My most popular posts of 2022
2022 was the year I started my own business as a solopreneur. 2023 is the year I will start writing more than ever (I intend to write two posts per week!).
Here are my ten most popular posts of 2022 in terms of views.
10. You can’t prevent the mess
Hofstadter's law: it always takes longer than expected, even if you take into account Hofstadter’s law.
9. Down the RACI rabbit hole
Nothing good ever happened after I went into a meeting room to create our RACI. All that happened is that we planted our flags and made it easier to point fingers at each other instead of making the right thing happen.

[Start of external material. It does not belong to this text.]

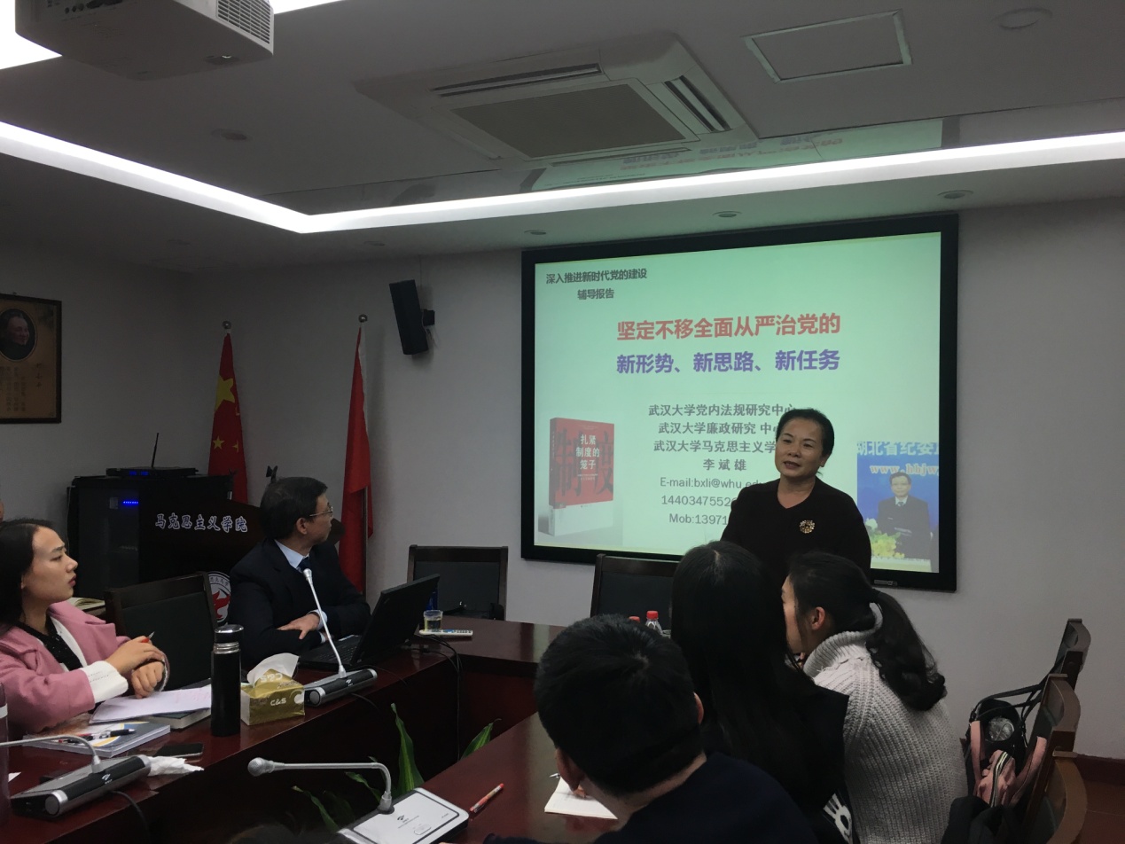 12月9日晚,我院邀请武汉大学党内法规研究中心副主任、武汉大学廉政研究中心副主任,武汉大学马克思主义学院二级教授、博士生导师李斌雄教授,在囊萤楼302作了题为“坚定不移全面从严治党的新形势、新思路、新任务”的精彩讲座。本次讲座由徐雅芬教授主持,我院2018全体硕士研究生,其他年级部分硕、博研究生参加了本次讲座。

8. I see Scrum Monsters everywhere!
I wrote this piece to reflect that I always encounter Scrum monstrosities in the wild and what conclusions we can draw from this.
7. Ask a Product Owner #3: Stakeholder Management
A practical piece where I answered audience questions regarding refinement and collated all of my answers together in a single piece.
6. Are you a Puppet Owner?
Most Product Owners, unfortunately, don’t own the product but are Puppet Owners where someone else is pulling the strings.
5. Introducing Scrum without doing Scrum
I described an empirical approach of introducing Scrum gradually, so you can invite team members to discover and learn how the different parts of the framework fit together.
4. Resolving the one Product Owner per product conundrum
What are the different ways you can scale the Product Owner role? What are the advantages and downsides of the different approaches?
3. The 6 biggest Sprint Misconceptions
Olina Glindevi and I collaborated together on this article, and it was a resounding success! I love the illustrations, and I hope they will help Scrum Teams worldwide to look at their Sprints (and Scrum) differently.
2. The Way of the Lazy Product Owner
How do you handle multiple Scrum Teams effectively as a Product Owner? Enter the Way of the Lazy Product Owner.
1. Scrum’s unintended and gradual disconnect from Product Management
In this article, I try to show how the Product Owner accountability is one of the weak spots of Scrum. It won’t be fixed, as there is too much money in certifications, and nobody wants to rock the boat (and update all those training materials).